Союз рыжих - Стив Хокенсмит
– Пять минут, так тумаю.
– Пять минут? – пробормотал брат. – Пять минут. Как раз достаточно времени, чтобы кто-то…
Что именно мог сделать этот «кто-то», я так и не узнал, поскольку другой «кто-то» вломился в дверь у нас за спиной. Рука сама метнулась вниз, к револьверу, и, пока я разворачивался, подняла ствол и взвела курок.
Но передо мной стоял не Макферсон со стальным взглядом, а перепуганная горничная с вытаращенными глазами.
– Господи, Эмили, прости, – забормотал я, торопясь убрать 45-й в кобуру, пока она не подняла крик.

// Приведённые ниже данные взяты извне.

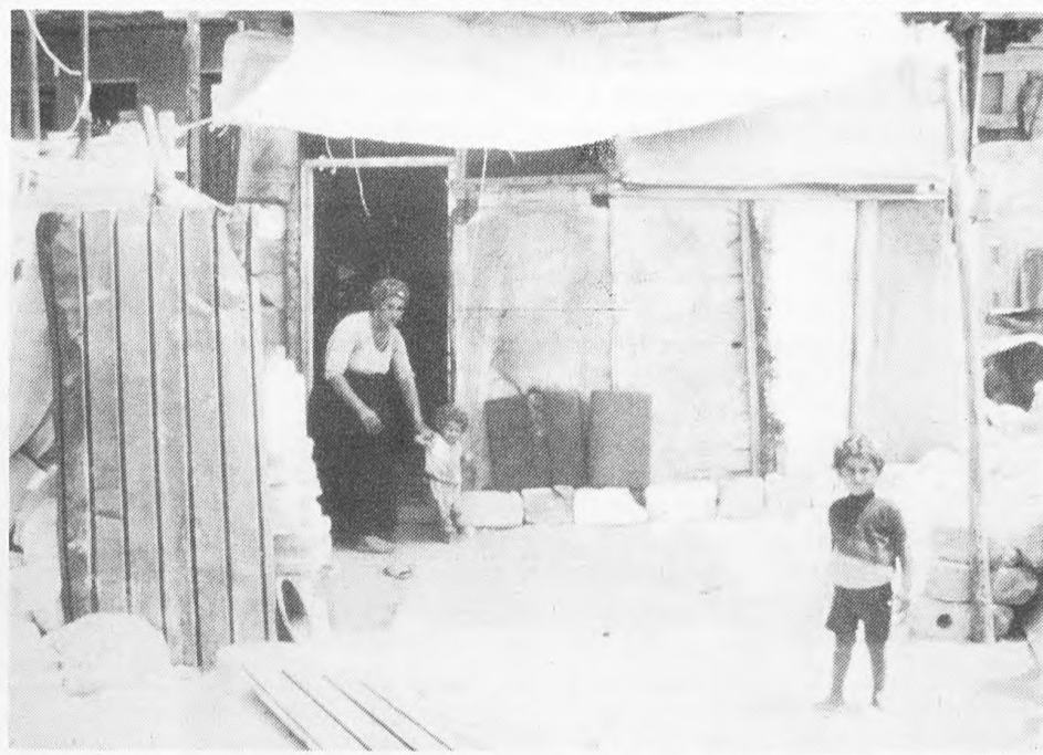
Black squatters camp in South Africa (top) and Palestinian refugee camp in the West Bank (bottom): Both peoples ghettoized and without rights in their own homelands.

with an average age of about 23. There were also people who were mothers of kids who were students at the university. For it to be said that they can't think independently was ridiculous. So they protested very, very strongly.

Девушку так поразил направленный в лицо «миротворец», что она, против обыкновения, не могла выдавить и двух слов.
– Ч-чтоб ты… сдох! – наконец выдохнула она.
– Через минутку, ладно? – попросил Старый. – У меня остался еще один вопрос к нашему другу.
Задавать этот вопрос следовало без промедления, пока Эмили не вытолкала нас из замка взашей.
– Швед, – сказал Густав, – ты сейчас собирал корзину для пикника мистеру Эдвардсу?
Мне пришлось стиснуть зубы, чтобы не отпала челюсть. Мы идем по следу убийцы, на хвосте висят Макферсоны, а братец интересуется обедом Эдвардса!
Швед кивнул и пожал плечами одновременно, видимо не меньше меня озадаченный вопросом.
– Приходить на кухня скоро недавно, просить хлеб и сыр. Я ему дать.
– Но ты не складывал провизию в корзину? Просто положил, чтобы Эдвардс взял?
Старый повар снова кивнул.
– Еда корзина сама себе класть, да.
– Спасибо, Швед.
Эмили откашлялась.
– Вас… – начала она, взяв сухой официальный тон, к которому прибегала, когда говорила как горничная аристократки, а не как смешливая девчонка.
Старый развернулся к ней почти так же резко, как я полминуты назад.
– Ты сказала, что слышала выстрел около полуночи или часа ночи. Уверена?
Внезапность вопроса или, возможно, шанс еще немного посплетничать извлекли на свет подлинную натуру Эмили из панциря служанки.
– Конечно, уверена, – возмутилась она. – Уж я-то, небось, знаю, как выглядит глубокая ночь, а это было глубокой ночью.
– Нет-нет, – встрял Швед. – То был много позже.
– Ой, да не слушайте вы его! – закатила глаза Эмили, а потом склонилась поближе к Старому: – И скажу вам кое-что еще, мистер детектив: этот мертвый черномазый не просто бродил вокруг ночью. Он в сам дом залез!
Братец насторожился, как легавая, учуявшая аппетитный запах гнили.
– Откуда ты знаешь?
– А вот откуда: десять минут назад наверху заходила в бельевой чулан и недосчиталась утюга и нескольких подушек.
Густав прищурился на Эмили, словно девушка была миражом, исчезающим вдали.
– Подушек и утюга?
Горничная кивнула.
– И это еще не все. У леди Клары пропали…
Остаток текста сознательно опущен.